Nenhum candidato alcançou o quociente eleitoral (o candidato mais votado na eleição teve cerca de 78.000 votos), o que o elegeria independentemente do resultado do partido. Todos ficaram, portanto, dependendo desse resultado e de sua colocação dentro do partido.

Nessa eleição, foram  10  os partidos que alcançaram o quociente eleitoral e vários partidos ficaram abaixo dele, não elegendo portanto ninguém.

Houve um partido que recebeu  124 897 votos,  ganhando uma vaga para o seu candidato mais votado, que recebeu cerca de  7 000  votos, sendo o 121o colocado na classificação geral dos candidatos. Ao mesmo tempo um candidato de um outro partido, com  22 500  votos, não foi eleito, embora sendo o 33o colocado na classificação geral. O que aconteceu foi que, no seu partido, a votação do último eleito foi de cerca de 23 600 votos.
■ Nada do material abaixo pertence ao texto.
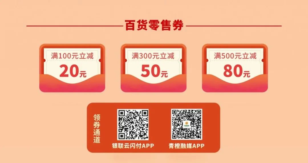 领用方式:活动期间,消费者可通过“银联云闪付APP”或“青橙融媒APP”进入活动专区领券,领券成功后当日内有效,在参与活动的实体店购物付款时直接抵用。

Essa regra cria a figura do “puxador de votos”, aquele candidato que atrai um grande número de eleitores e, assim, além de se eleger, aumenta a quota de seu partido, ajudando outros a se elegerem também.  

 

     Em tempos difíceis  

Na década de setenta houve uma eleição em que a oposição teve uma votação enorme, principalmente em votos de legenda (não nominais). Como eram anos difíceis e a oposição sofria várias perseguições, essa tinha lançado em alguns Estados poucos candidatos, abaixo do limite máximo fixado por lei. Com a avalanche inesperada de votos, houve muitos Estados nos quais todos os candidatos do partido da oposição foram eleitos, em razão dos votos na legenda, mesmo alguns candidatos com votação individual extremamente reduzida. Daí a beleza dessa legislação e de sua observância: a lei fez abrigar sob o manto do partido a vontade dos eleitores.  

 

     Curiosidade na eleição de senador  

As eleições para o Senado Federal têm peculiaridades interessantes. A cada quatro anos elegemos, alternadamente, ora um, ora dois senadores por Estado e a cada oito anos, para preencher as duas vagas no Senado, cada eleitor tem direito de votar em dois nomes. Isso é peculiar, pois, para preencher dezenas de vagas nas demais casas legislativas, só podemos votar em um candidato.

Terá isso alguma influência no resultado final?

Há alguns anos, num certo Estado, concorreram três candidatos ao Senado: dois deles, A e B, com forte imagem política e um terceiro, C, simplesmente uma pessoa simpática. Se fosse eleição para um só senador, esse terceiro candidato certamente ficaria em terceiro lugar. Surpreendentemente, entretanto, ele ficou em segundo lugar, sendo eleito. A razão parece ter sido que o eleitor que votava em A jamais votaria em B e, simetricamente, o eleitor de B jamais votaria em A. Por essa razão o candidato C, de menor rejeição política, acabou sendo a segunda escolha, tanto para os eleitores de A quanto de B, conseguindo o 2o lugar. Isso porque a apuração não distingue a primeira da segunda escolha de cada eleitor, somando igualmente os votos.

Como um exemplo análogo, conta-se a seguinte historieta carioca:

Se no Rio de Janeiro fizerem uma pesquisa para saber quais os times de futebol mais populares, devem ganhar dois dentre os times Flamengo, Fluminense, Vasco ou Botafogo. Se a pergunta, entretanto, for: “quais os dois times de que você mais gosta?”, para surpresa geral um dos dois vencedores seria o América, o segundo time de todos.


Referências bibliográficas:

[1]  Constituição da República Federativa do Brasil, 1988.

[2]  Moruzzi, A. O. Código eleitoral. Editora Rideel.

[3]  Jornal Folha de S. Paulo, 02 e 05 de outubro de 1996.

[4]  Jornal Diário Popular, 06 de outubro de 1996.